#### Records provided
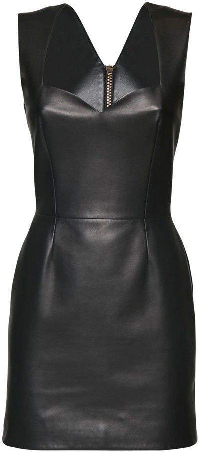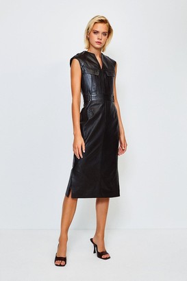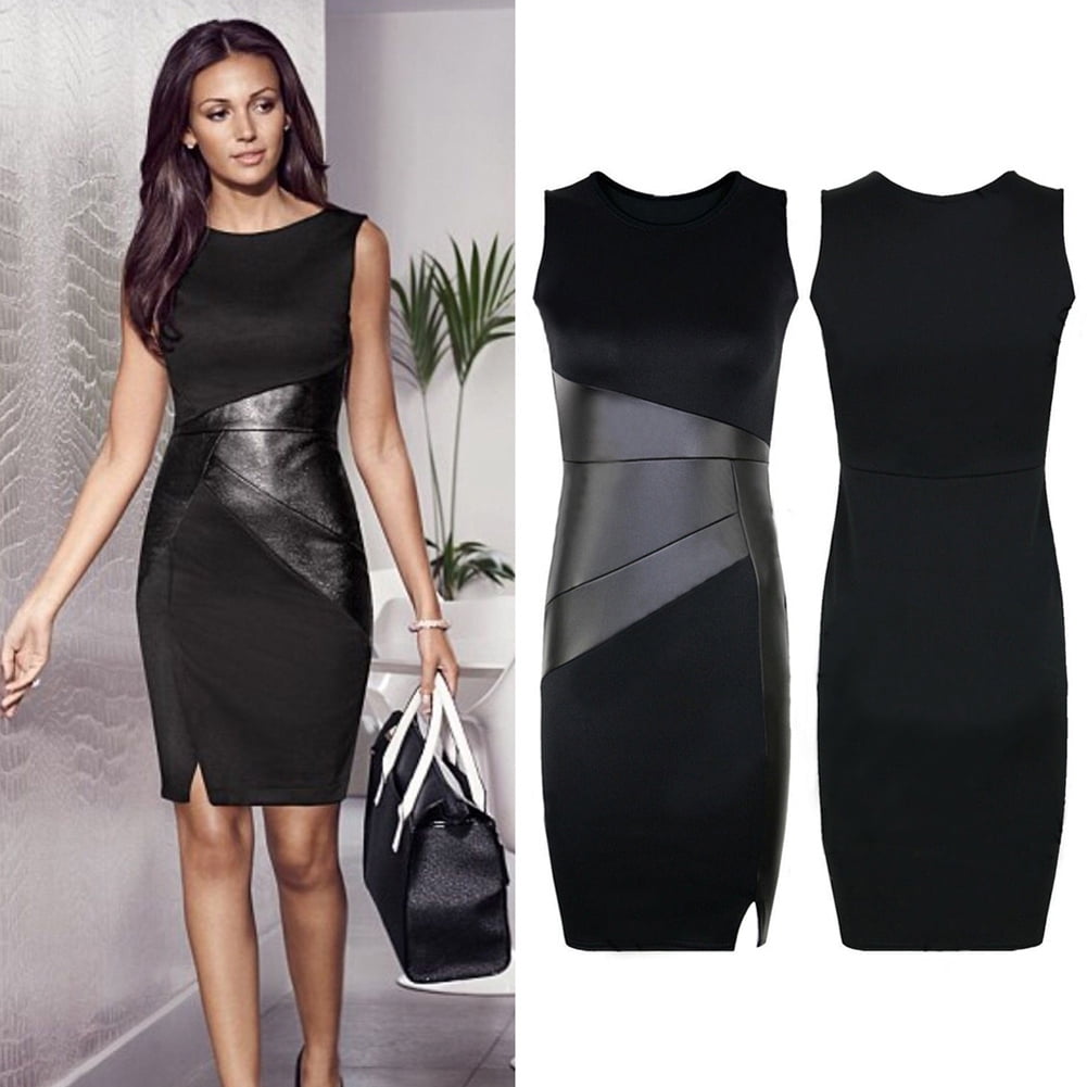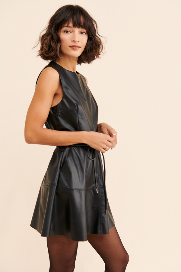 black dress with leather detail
########
#### Records provided
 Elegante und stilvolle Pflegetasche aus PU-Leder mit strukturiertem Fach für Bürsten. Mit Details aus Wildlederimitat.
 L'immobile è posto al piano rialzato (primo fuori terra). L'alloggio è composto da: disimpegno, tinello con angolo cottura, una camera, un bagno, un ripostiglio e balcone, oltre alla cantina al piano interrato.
########
#### Records provided
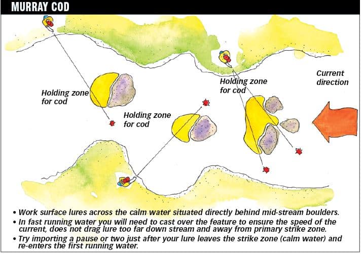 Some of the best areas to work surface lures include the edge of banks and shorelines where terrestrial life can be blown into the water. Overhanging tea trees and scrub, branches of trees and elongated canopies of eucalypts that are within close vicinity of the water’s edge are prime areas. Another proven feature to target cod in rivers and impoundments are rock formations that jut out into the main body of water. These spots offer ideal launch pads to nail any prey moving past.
########
** Task instructions **
Wherever the line holding "Elegante und stilvolle" falls in the entries above, copy exactly from it through the line holding "L'immobile è posto", inclusive, and add nothing.

** Task solution **
 Elegante und stilvolle Pflegetasche aus PU-Leder mit strukturiertem Fach für Bürsten. Mit Details aus Wildlederimitat.
 L'immobile è posto al piano rialzato (primo fuori terra). L'alloggio è composto da: disimpegno, tinello con angolo cottura, una camera, un bagno, un ripostiglio e balcone, oltre alla cantina al piano interrato.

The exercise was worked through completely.